Creme Caramel (Flan)
Servings
6Serving size
1 custardThis recipe can be multiplied by 2. Keeps well for 48 – 72 hours in the mold.
Ingredients
1/4 cup Sugar |
1/2 cup Water |
3 large Egg yolk(s) |
1/2 cup Z-Sweet / Stevia |
1 Tbsp. Vanilla extract |
2 cup 1% milk |
2 quart Water |
Instructions
Divide the caramel between 6 ramekins.
Preheat the oven to 325°F.
In a separate bowl whisk together the egg yolks, Z-sweet and vanilla extract until smooth.
Place the water in a separate sauce pan or tea pot over high heat.

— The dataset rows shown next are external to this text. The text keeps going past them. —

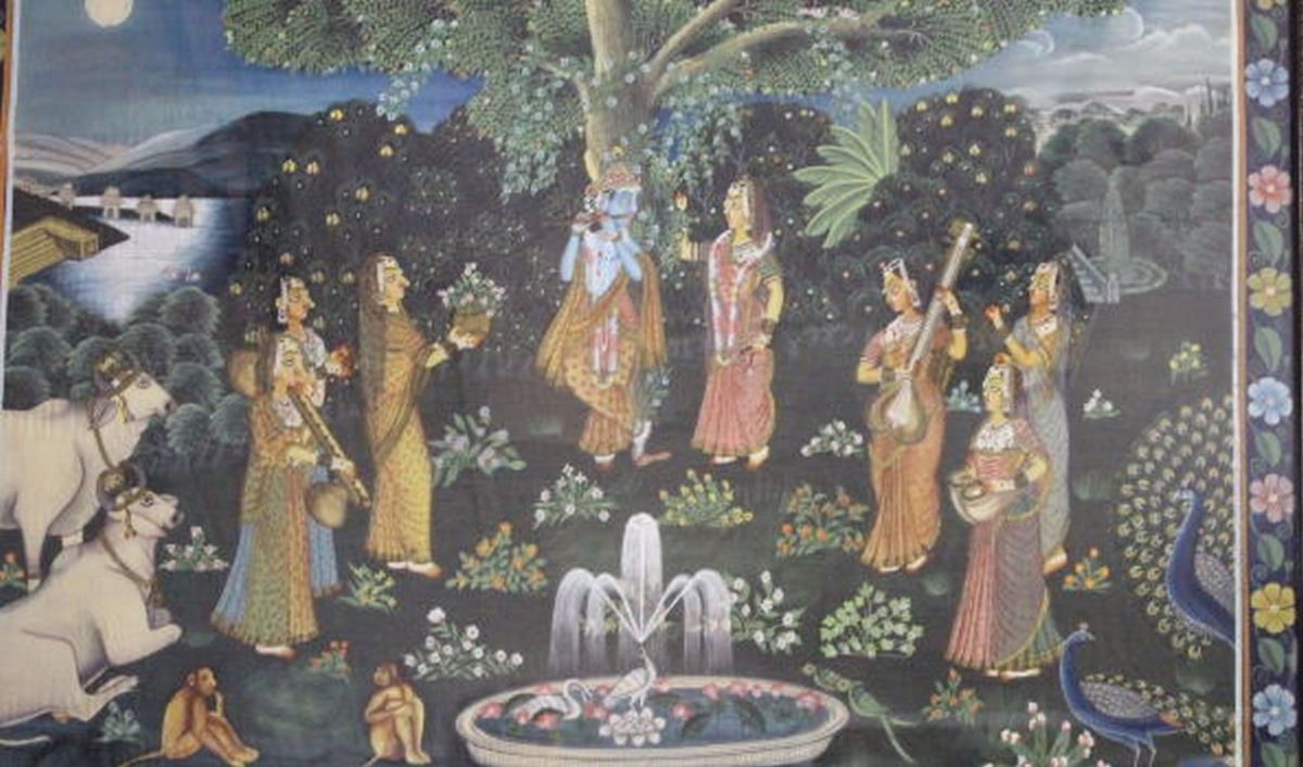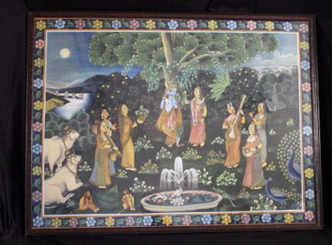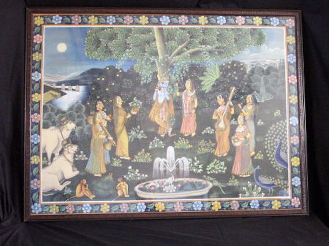 Large Late 19th-Early 20th Century Exotic Depiction of Lord Krishna & Lady Radha Painting (Batik) with Original Decorative Wooden Frames 44x34" (in Batik) The development and refinement of Indonesian batik cloth was closely linked to Islam. The Islamic prohibition on certain images encouraged batik design to become more abstract and intricate. Realistic depictions of animals and humans are rare on traditional batik. However, mythical serpents, humans with exaggerated features and the Garuda of pre-Islamic mythology are common motifs.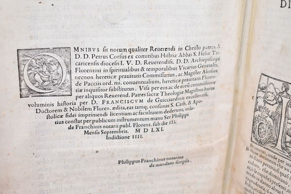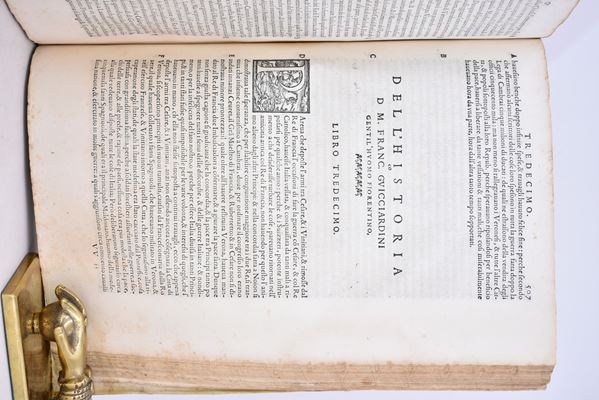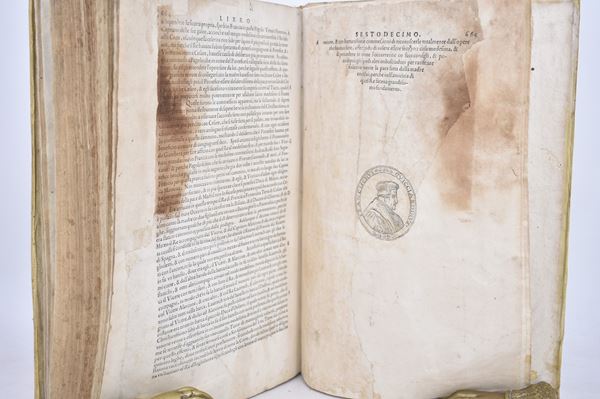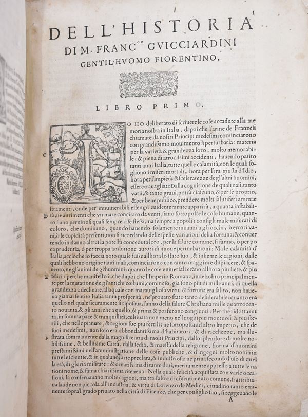 Original folio edition of the historical treatise by F. Guicciardini (1483-1540), printed in Florence with a large typ. (Medici coat of arms surmounted by a crown, in an illustrated frame) engraved in wood on the frontispiece; with the portrait applied to the recto of the last leaf, finely engraved initials with woodcut decorations in the text. The work recounts in sixteen books the main events that occurred between the death of Lorenzo the Magnificent (1492) and of Pope Clement VII (1534). Complete, with restored frontispiece, slight oxidations, stains and marginal restorations on the final leaves.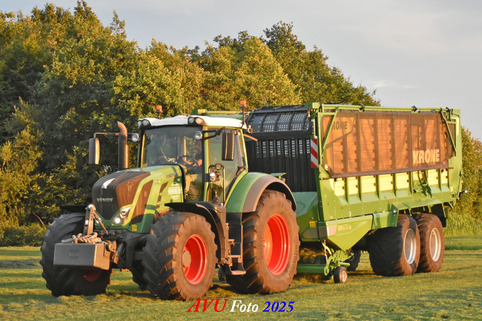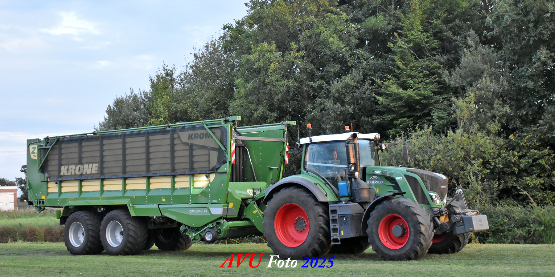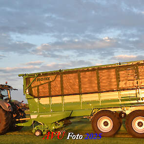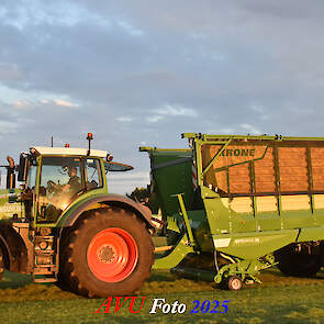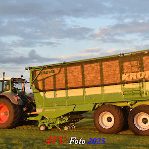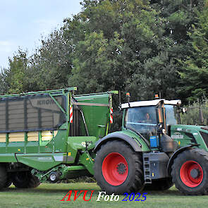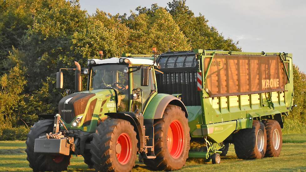 Na het maaien reed de Fendt 828 met de op een na grootste Krone-opraapwagen type ZX470 GL met een inhoud van 47 m2 het gras bij elkaar.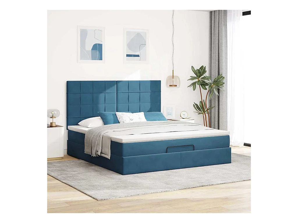 Ottoman bed met matrassen 160x200cm fluweel donkerblauw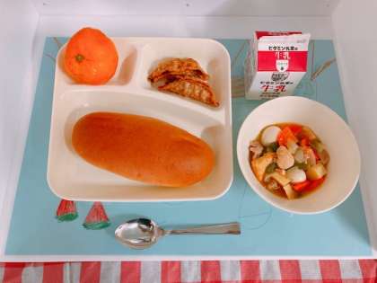 「あげぎょうざ」は、児童に好評な献立です。1人2個ずつ170度の油で揚げます。

Place the milk in a sauce pan over medium-high heat and bring to a boil whisking frequently.
The moment the milk begins to boil remove it from the heat and slowly drizzle into the egg mixture whisking continuously.
When all of the milk is well blended into the egg mixture ladle the custard into the ramekins. Place the filled ramekins in a shallow roasting pan. Fill the pan with the hot water until it is about half way up the sides of the ramekins.
Place the water bath with the ramekins in the preheated oven and cook for 35 minutes.
Remove the custards from the water bath and allow them to cool. Cover with plastic wrap and chill in the refrigerator for at least 4 hours.
To serve gently run a knife around the outer edge of the caramel. Place a plate upside down on top of the ramekin and invert the flan onto the plate.
Serve.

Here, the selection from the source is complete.